Gay marriage, conservatism and the role of the judiciary

The Supreme Court’s announcement that it will consider a pair of gay marriage cases this term puts conservatives in a tough spot.

On the one hand, same-sex marriage is clearly gaining political traction nationwide, with voters in Maryland and Maine both endorsing the practice in 2012 after years of rejection at the ballot box.

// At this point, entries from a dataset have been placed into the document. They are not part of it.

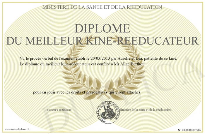 Envoyez par email votre Diplôme du meilleur kiné-rééducateur personalisé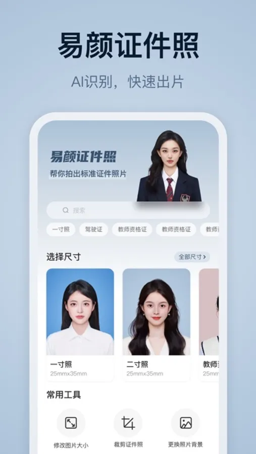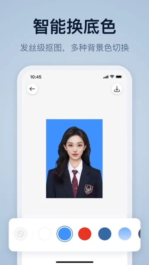 一寸证件照、学生证件照、工作证件照用手机随时随地就能制作!一键更换证件照底色,多种背景色可选!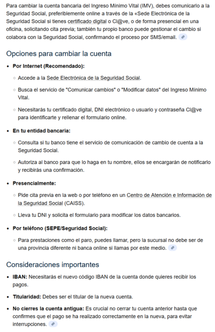 #1 Cambiar banco de IMV - Ingreso mínimo vital Ariadna10 Seguir 04/02/26 14:40 Hola alguien sabe cómo puedo cambiar el número de cuenta del ingreso mínimo vital ? Y cuánto tarda en hacesee efectivo Responder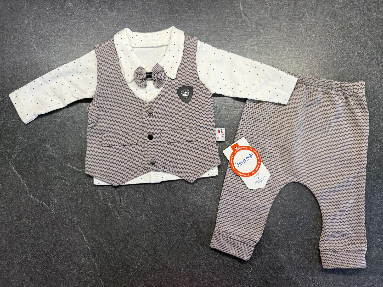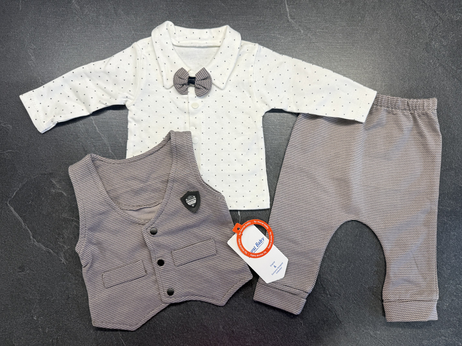 3 dielna elegantná kojenecká súprava, veľkosť na visačke 0-3 mesiace - cca 56. Súprava obsahuje vestu, košieľku s motýlikom a nohavice. Zloženie 100 % bavlna

Last weekend the first gay marriage was held in Washington state after voters approved the policy via referendum on Election Day.

On the other hand, certain outcomes in the cases would be devastating to conservative notions of the role of the judiciary and the federal government.

Although the GOP is largely staying silent about the cases, the party could educate Americans on the proper role of the judiciary without being hostile to gay rights by consistently applying conservative judicial principals to both cases.

For example, conservatives would be wise to embrace the case challenging President Bill Clinton’s 1996 Defense of Marriage Act (DOMA), U.S. v. Windsor.  In that case, the plaintiffs are asking the Court to rule that Section 3 of DOMA violates the Fifth Amendment’s guarantee of equal protection of the law because it denies marriage recognition to gay couples who are legally married under state law.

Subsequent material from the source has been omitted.